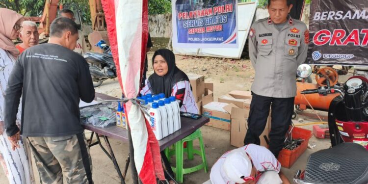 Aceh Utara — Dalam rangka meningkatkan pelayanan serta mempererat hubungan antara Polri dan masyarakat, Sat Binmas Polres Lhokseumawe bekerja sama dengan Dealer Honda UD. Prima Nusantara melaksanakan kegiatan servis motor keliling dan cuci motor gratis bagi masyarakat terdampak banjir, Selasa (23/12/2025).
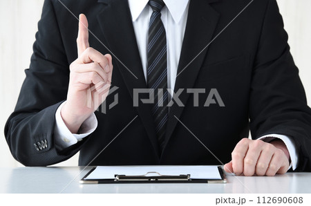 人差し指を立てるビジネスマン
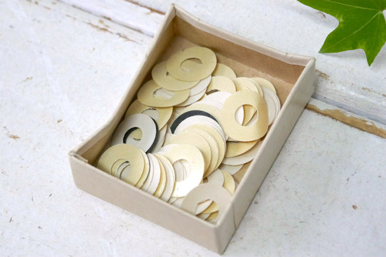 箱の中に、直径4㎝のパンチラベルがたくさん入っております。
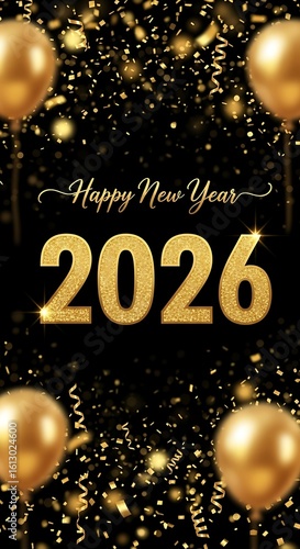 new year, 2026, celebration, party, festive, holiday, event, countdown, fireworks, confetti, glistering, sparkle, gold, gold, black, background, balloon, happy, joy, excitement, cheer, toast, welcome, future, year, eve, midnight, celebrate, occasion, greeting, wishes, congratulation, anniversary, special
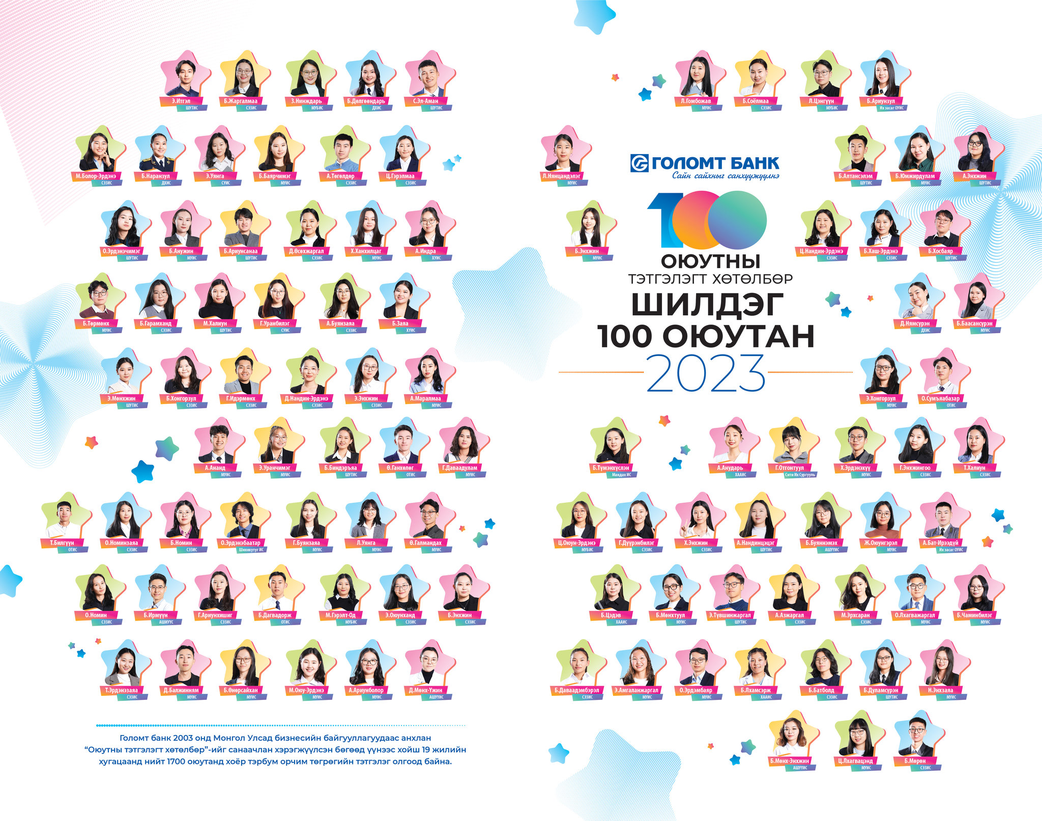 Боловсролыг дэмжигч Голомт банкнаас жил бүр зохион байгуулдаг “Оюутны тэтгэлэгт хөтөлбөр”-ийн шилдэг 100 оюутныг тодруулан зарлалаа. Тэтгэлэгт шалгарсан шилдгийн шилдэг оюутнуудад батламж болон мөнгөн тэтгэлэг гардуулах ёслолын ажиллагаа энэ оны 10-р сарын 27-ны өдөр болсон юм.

● **Assigned task**
Transcribe the material as is, with images omitted.

● **Completed exercise**
 Aceh Utara — Dalam rangka meningkatkan pelayanan serta mempererat hubungan antara Polri dan masyarakat, Sat Binmas Polres Lhokseumawe bekerja sama dengan Dealer Honda UD. Prima Nusantara melaksanakan kegiatan servis motor keliling dan cuci motor gratis bagi masyarakat terdampak banjir, Selasa (23/12/2025).
 人差し指を立てるビジネスマン
 箱の中に、直径4㎝のパンチラベルがたくさん入っております。
 new year, 2026, celebration, party, festive, holiday, event, countdown, fireworks, confetti, glistering, sparkle, gold, gold, black, background, balloon, happy, joy, excitement, cheer, toast, welcome, future, year, eve, midnight, celebrate, occasion, greeting, wishes, congratulation, anniversary, special
 Боловсролыг дэмжигч Голомт банкнаас жил бүр зохион байгуулдаг “Оюутны тэтгэлэгт хөтөлбөр”-ийн шилдэг 100 оюутныг тодруулан зарлалаа. Тэтгэлэгт шалгарсан шилдгийн шилдэг оюутнуудад батламж болон мөнгөн тэтгэлэг гардуулах ёслолын ажиллагаа энэ оны 10-р сарын 27-ны өдөр болсон юм.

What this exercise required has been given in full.